SUMTER COUNTY, Fla. – Three residents of The Villages have recently been arrested as part of an ongoing investigation into voter fraud, court records show.

Jay Ketcik, Joan Halstead and John Rider are each charged with casting more than one ballot in an election, a third-degree felony punishable by up to five years in prison. …

All three were registered as Republicans in Florida at the time of the election, voter registration records show.

… Facebook pages that appear to belong to Ketcik and Halstead contain several posts expressing support for former president Donald Trump.

• The title for this post comes from the lyrics to Jack Wagner’s only Top 40 hit, “All I Need,” which was briefly the No. 2 song in America in 1985. Wagner wasn’t a one-hit wonder, though, since he also had a long and successful acting career on shows like General Hospital and Melrose Place.

I wouldn’t say “All I Need” was a good song, or even that I remember it fondly, but I’m including it here because today I had to retrieve a special order for a customer named Jack Wagner.
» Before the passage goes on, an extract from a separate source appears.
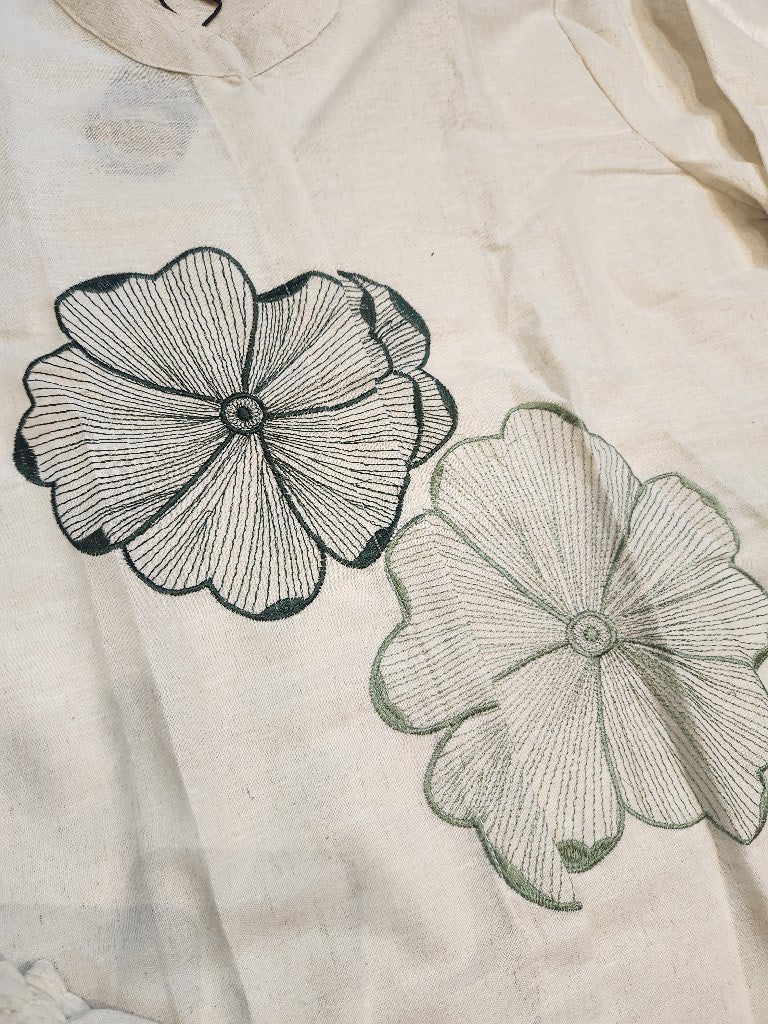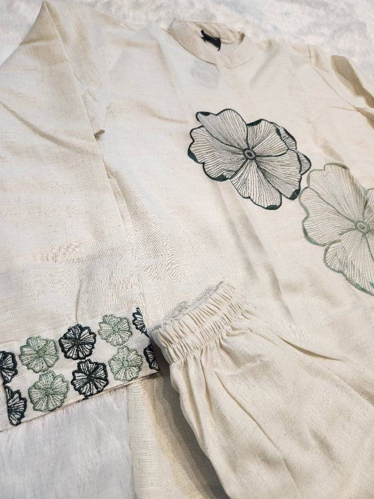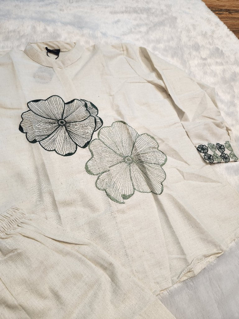 A stylish and comfortable kurta set featuring intricate floral embroidery. The kurta has a high neck and long sleeves, complemented by matching pants. Ideal for casual outings or festive occasions.

Me: What’s the name on the order?<
Customer: Jack Wagner.
Me. Thank you, I’ll be right back. [awkward beat] All I need is just a little more time.
Customer: [blank, expressionless silence]

Admittedly, the customer probably wasn’t born yet in 1985. But still. If we completely forget even our forgettable proto-Richard Marx-ish ’80s pop ephemera, then we’ve lost … something. Maybe.